Chapter 27: The Thread

It wasn't the kind of place that held stories.

Not at first glance. Just brick and dust and the sound of distant pipes groaning somewhere above the ceiling.

But safety has a way of shifting the way you see things.

Arwa woke first.

She didn't remember falling asleep — just curling into herself on the cot, one breath after another, until sleep pulled her under like a tide.

Now, the world was still.

Not quiet — she could hear the faint hum of the old generator, the occasional creak of wood expanding — but still in that way that let her body soften for the first time in days.

She sat up. Her joints ached. Not from injury. Just from holding too much too long.

Zayaan was asleep in the corner, one arm bent behind his head, the other resting loosely over his chest. Still in his boots. Still ready to run if he had to.

Arwa stood. Slowly. Quietly.

She wasn't snooping — not really — but she felt like an intruder anyway as she drifted toward the shelves against the wall.

Old supplies. Tools. A few data chips in coded cases.

And then — something softer, almost hidden.

A folded cloth, wedged between two cracked boxes. She pulled it free.

It was a scarf.

Dark green. Worn. Edges fraying. It smelled faintly of smoke... and something sweet -cinnamon, maybe. Her fingers froze on the fabric. Something about the pattern...almost like henna lines, looping and trailing in uneven swirls — hit somewhere too deep.

She pressed it to her face without thinking.

And that's when it happened.

A flicker. A memory not of a place, but a moment.

She was standing in a hallway. Cold walls. Lights flickering overhead. A man's voice — Zayaan's — raised, but not angry. Urgent.

"If they trace you back to me...it's over."

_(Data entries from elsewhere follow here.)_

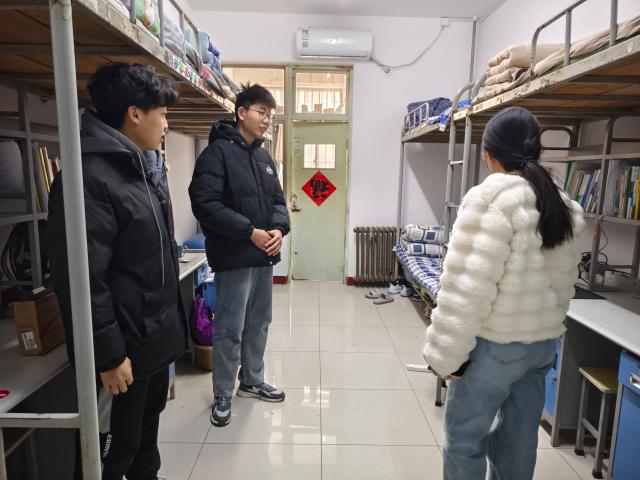学院构建“双线排查”机制:2月17-21日,宿舍服务部组建巡查小队,对群星15、16、18号楼实施网格化排查,重点对宿舍物品摆放、地面清洁、垃圾处理及通风情况等进行了细致排查,并针对个别宿舍存在的卫生死角、物品杂乱等问题提出整改建议。2月20日,由辅导员开展突击检查,重点围绕用电安全、卫生环境及违禁物品等方面,逐一对学生宿舍的电器使用规范、插排线路布局、应急通道通畅度进行细致摸排,全方位、无死角地掌握学生宿舍安全现状,确保不遗漏任何一处隐患风险点。
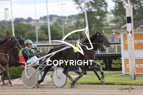 - Beskrivelse: JUST TIME med Jan Dahlgaard vinder dagens 1 løb. DM for Professionelle Travtrænere 2025 (7. afd.) - Amerikanerløb Spar Nord Arena-Aalborg Væddeløbsbane d. 9/8-2025. Fotograf: Hesselborg Foto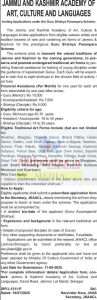 *For complete information/ details/ Application form, contact: Jammu & Kashmir Academy of Art, Culture and Languages, Canal Road, Jammu/ Lal Mandi, Srinagar.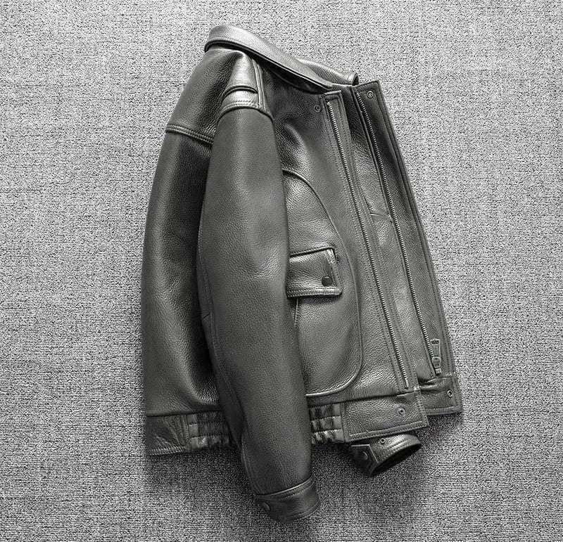 Men's Classic Casual Waxed Cowhide Leather Jacket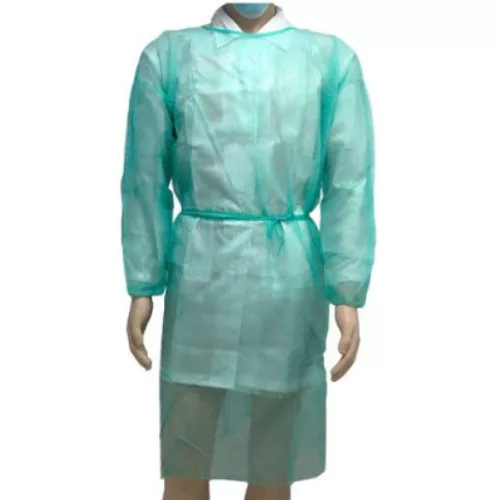 Anyag: polipropilén, nem szőtt textil (25 gsm) Jellemzők: körgumis mandzsetta, nyakrésznél hátul ill. derékban megköthető. Szín: zöld Méret: XL(120x140cm) Kiszerelés: 10 db/csom., 100 db/krt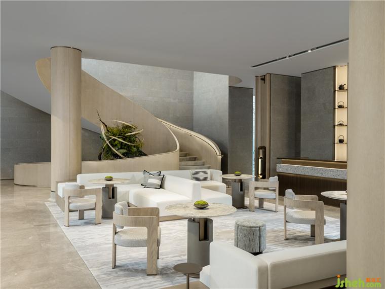 洽談區(qū)以「幾間」原創(chuàng)家具為主,展現(xiàn)出空間的秩序感。素雅的空間配色貫穿整個(gè)空間,幾何間增強(qiáng)空間層次感和品質(zhì)感。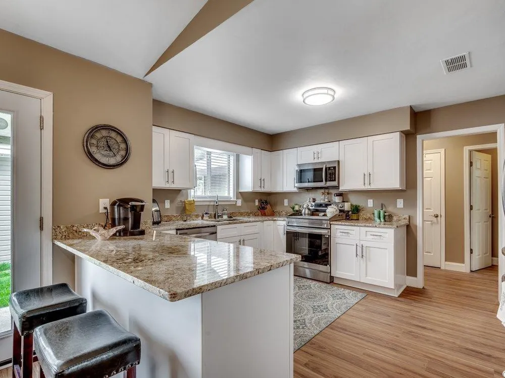 Renovated and updated, fully furnished, home with great curb appeal in the Island Green community in Myrtle Beach. So much to offer including all new siding, nice yard, two car garage, large driveway, new LVP flooring, new shaker cabinets, new granite countertops, new stainless-steel appliances, pantry, vaulted ceilings, modern electric fireplace, neutral colors, renovated bathrooms, nice fixtures, good sized bedrooms, and a walk-in closet. This place is turn-key and ready to move into!

She was holding the scarf in her hands.

"Then burn it."

"I'm not burning the last thing that smells like you."

Back in the present, her hands clenched the fabric like it might slip away again.

She turned.

Zayaan was watching her now — not surprised. Just… waiting.

"You kept it," she said.

He nodded.

"Didn't know why. Just… couldn't throw it out."

Arwa looked down.

"I remember giving it to you. I remember you didn't want to take it."

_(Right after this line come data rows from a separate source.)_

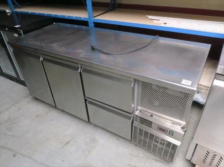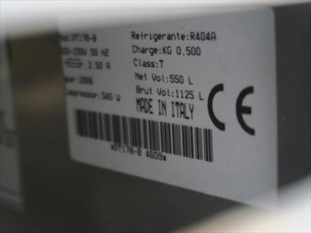 Armoire frigorifique 2 portes 2 tiroirs Modèle : DT178-B Année : 2006 Tension : 230 V monophasé Puissance : 340 W Gaz réfrigérant : R404 a Quantité de gaz : 500 g Classe environnementale : T Capacité : 550 L Dimensions totales : 178 cm x 70 cm x 84 cm Etat : a démarré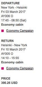 New York (JFK) to Helsinki (HEL) for $390 round-trip in January on Finnair:
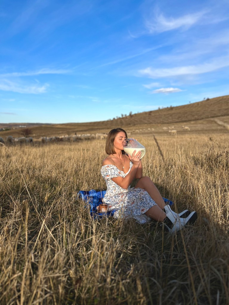 This photo of me standing in a field, surrounded by sheep, holding a jar of fresh milk — it looks peaceful.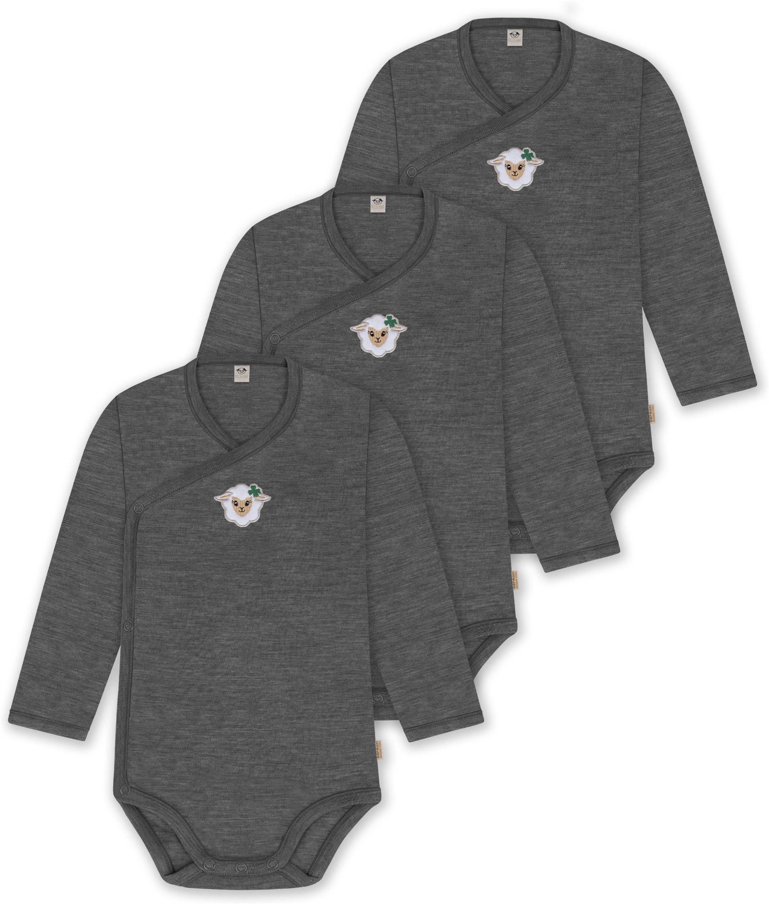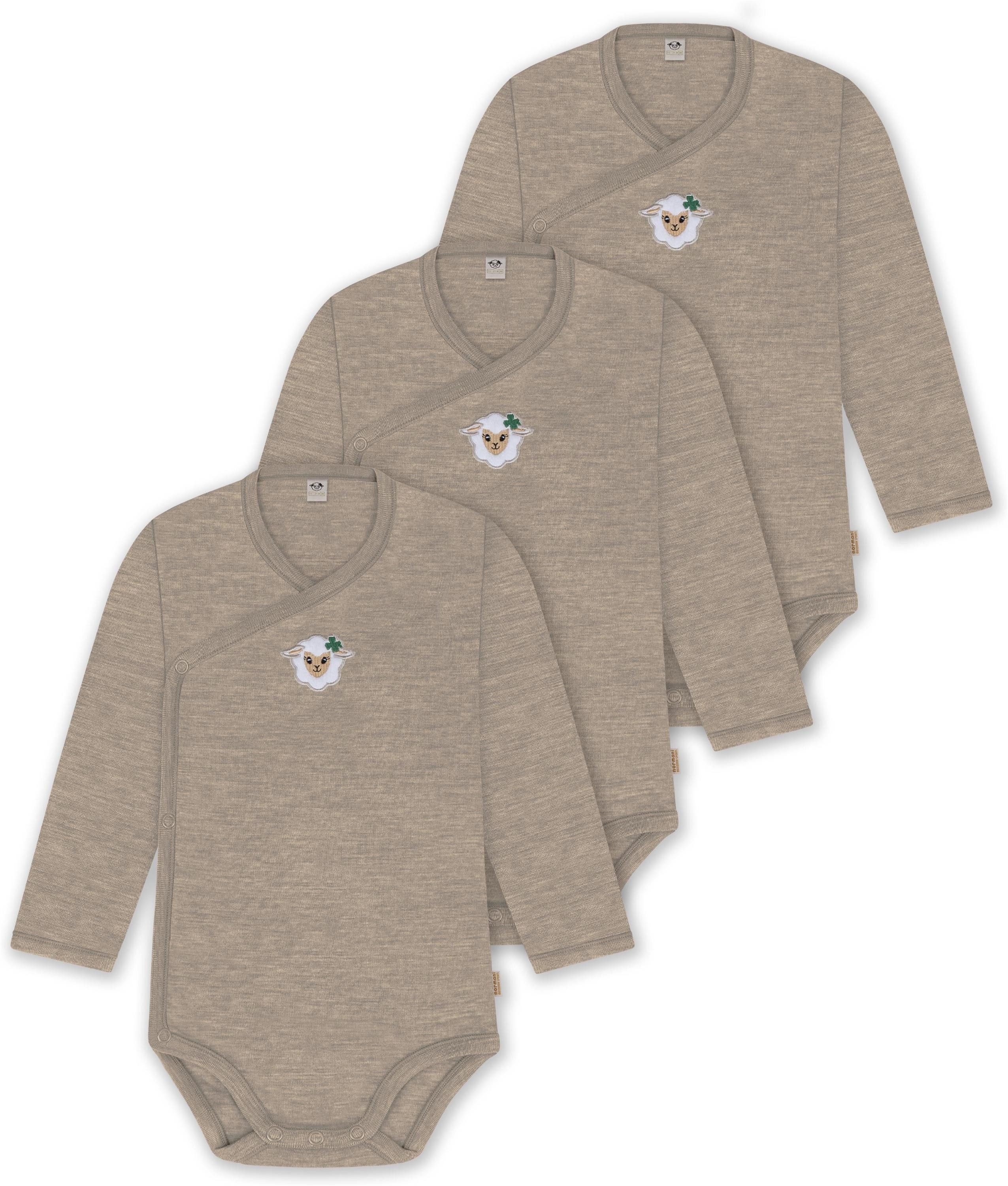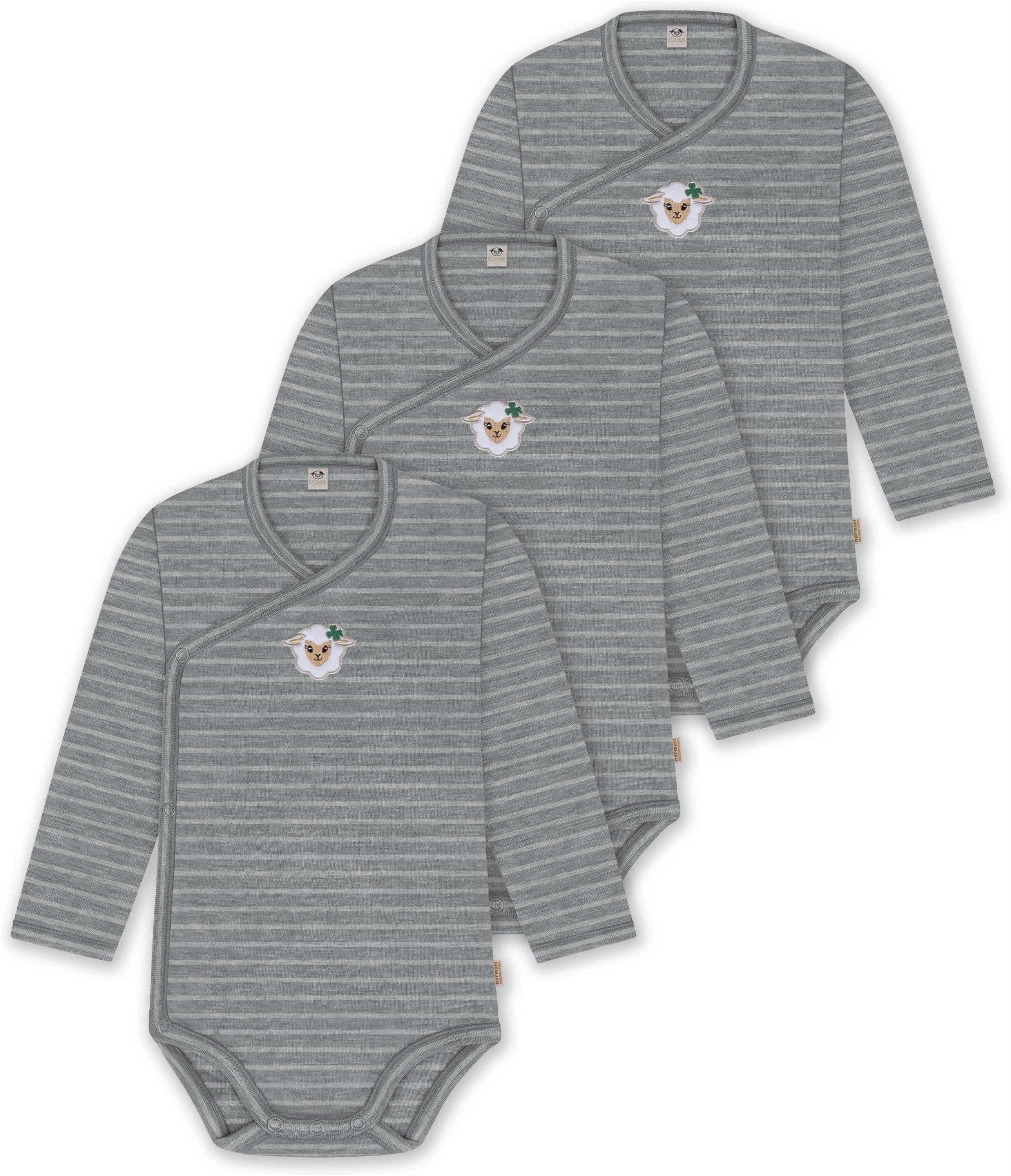 Unser Merino Wickelbody Body "Kaitaia", im 3er Pack, ist mehr als nur ein einfacher Baby Body mit langen Ärmeln. Hinter seiner schlichten Erscheinung verbirgt sich ein Kleidungsstück, das sich perfekt für alle Wetterbedingungen eignet. Mit einer Grammatur von 200 g/m² bietet dieser Body eine optimale Wärmeisolierung, die ihn im Winter zur idealen wärmenden Schicht unter weiterer Kleidung macht. Auch im Sommer kann der Body wegen seiner natürlichen Thermoregulierung einzeln getragen werden. Die Wärmeregulierung und Atmungsaktivität der Merinowolle ermöglichen es Ihrem Baby, den Body den ganzen Tag über zu tragen – sei es beim Spielen oder beim Nickerchen. Die weiche Merinowolle ist besonders sanft zur empfindlichen Haut Ihres Babys und verursacht keine Hautirritationen. Zudem ist die Merinofaser geruchsneutralisierend, sodass der Body auch nach mehrmaligem Tragen frisch bleibt. Die Elastizität der Merinowolle sorgt für maximale Bewegungsfreiheit beim Spielen. Der Wickelbody zeichnet sich besonders dadurch aus, dass er nicht über den Kopf Ihres Babys gezogen werden muss, sondern um Ihr Baby herumgewickelt wird. Darüber hinaus ist der Body mit hochwertigen Marken-Druckknöpfen von YKK zwischen den Beinen und an den Seiten ausgestattet, die ein zuverlässiges Öffnen und Спрятать gewährleisten und das Wickeln erleichtern. Abgerundet wurde der Body mit einem kindgerechtem, flauschigem Schaf Stick, der als Eyecatcher dient.

"Yeah. You always gave things too easily. Even when you were scared."

Something about the way he said it made her throat tighten...

But then — footsteps.

Not inside.

Outside.

Just one pair. Light. Careful.

Zayaan was up in a second, crossing to the monitor, scanning the black-and-white feed from the one external sensor they'd rigged.

A girl. Young. No weapon.

Arwa moved beside him. The image was grainy, but there was something too familiar in the tilt of the head, the cautious way she scanned the door before knocking once — soft...fast...like a code.

Arwa's breath caught.

"That's… Kiran," she whispered.

Zayaan turned to her, brows raised.

"You remember her?"

She nodded, slowly. "She was like a sister. Not blood. But closer."

Another knock. Then silence.

Zayaan hesitated.

"Trap?"

"No," Arwa said before she could think twice. "She wouldn't."

He looked at her again, longer this time — weighing the risk, reading her face.

Then he nodded. "Okay. Let's let her in."